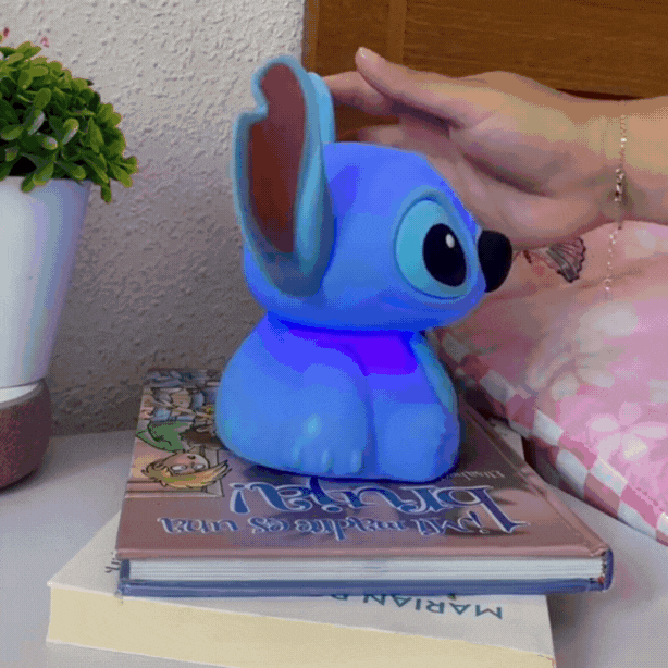 Transforme o quarto em um ambiente acolhedor, divertido e cheio de charme com a Luminária Stitch Night Light Feita em silicone macio, resistente e totalmente segura, ela é perfeita para crianças, fãs do personagem e para quem ama uma decoração fofa e iluminada.
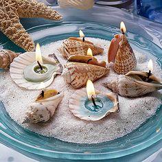 Existen en el mercado infinidad de velas en formas , colores ,de olor, flotantes.... hasta puedes hacerlas tu mism@.
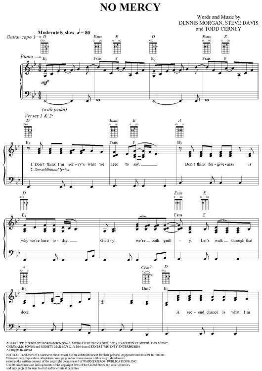 Digital Sheet Music for No Mercy by Ty Herndon, Todd Cerney, Steve Davis, Dennis Morgan scored for Piano/Vocal/Chords; id:191176

┄┄┄┄┄┄┄┄┄┄

Work request –
The lines to be extracted begin at the line containing "Existen en el" and continue through the final line of the material above, both ends included. Reproduce them exactly, without the pictures.

Exercise answer –
 Existen en el mercado infinidad de velas en formas , colores ,de olor, flotantes.... hasta puedes hacerlas tu mism@.
 Digital Sheet Music for No Mercy by Ty Herndon, Todd Cerney, Steve Davis, Dennis Morgan scored for Piano/Vocal/Chords; id:191176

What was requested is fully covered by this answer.